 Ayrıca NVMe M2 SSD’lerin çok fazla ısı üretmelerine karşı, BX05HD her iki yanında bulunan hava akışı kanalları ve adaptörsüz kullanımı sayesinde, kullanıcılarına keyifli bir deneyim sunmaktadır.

...

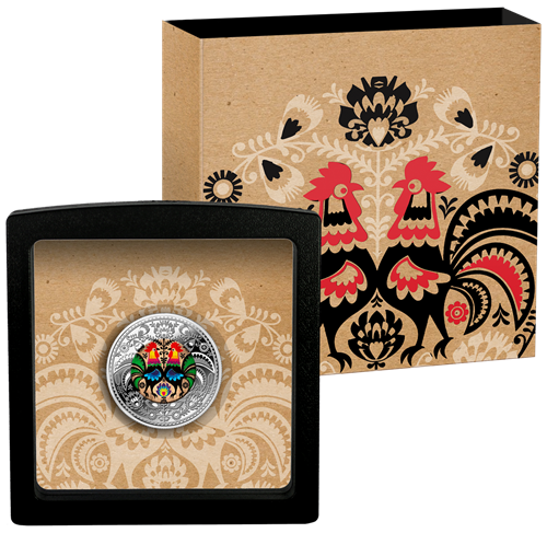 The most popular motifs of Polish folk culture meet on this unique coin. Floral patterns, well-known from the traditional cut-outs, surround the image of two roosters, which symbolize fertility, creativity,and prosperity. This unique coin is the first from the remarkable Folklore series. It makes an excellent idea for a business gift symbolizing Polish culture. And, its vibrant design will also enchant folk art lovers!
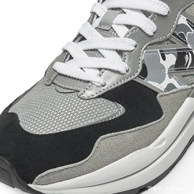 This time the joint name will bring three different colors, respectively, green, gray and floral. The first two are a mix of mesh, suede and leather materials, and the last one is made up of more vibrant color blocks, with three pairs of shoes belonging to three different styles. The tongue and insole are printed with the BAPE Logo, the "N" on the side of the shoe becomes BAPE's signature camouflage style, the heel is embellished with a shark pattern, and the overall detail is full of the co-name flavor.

--

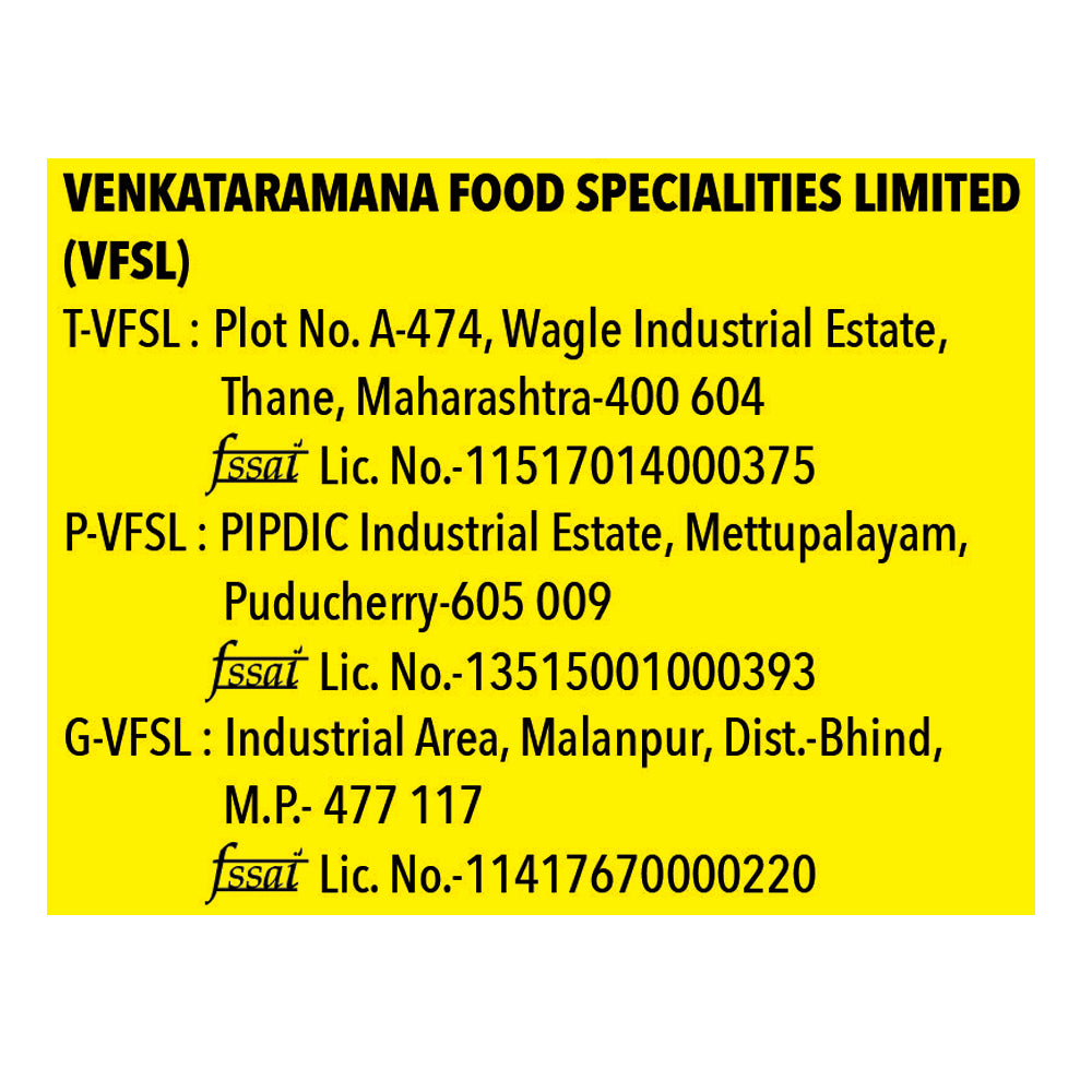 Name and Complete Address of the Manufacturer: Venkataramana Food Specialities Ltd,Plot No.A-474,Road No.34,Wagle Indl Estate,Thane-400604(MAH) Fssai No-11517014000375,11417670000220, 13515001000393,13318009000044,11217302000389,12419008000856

What is needed:
Above are some records; extract exactly the lines from the one containing "The most popular" through the one containing "This time the" and drop the pictures.

Answer space:
 The most popular motifs of Polish folk culture meet on this unique coin. Floral patterns, well-known from the traditional cut-outs, surround the image of two roosters, which symbolize fertility, creativity,and prosperity. This unique coin is the first from the remarkable Folklore series. It makes an excellent idea for a business gift symbolizing Polish culture. And, its vibrant design will also enchant folk art lovers!
 This time the joint name will bring three different colors, respectively, green, gray and floral. The first two are a mix of mesh, suede and leather materials, and the last one is made up of more vibrant color blocks, with three pairs of shoes belonging to three different styles. The tongue and insole are printed with the BAPE Logo, the "N" on the side of the shoe becomes BAPE's signature camouflage style, the heel is embellished with a shark pattern, and the overall detail is full of the co-name flavor.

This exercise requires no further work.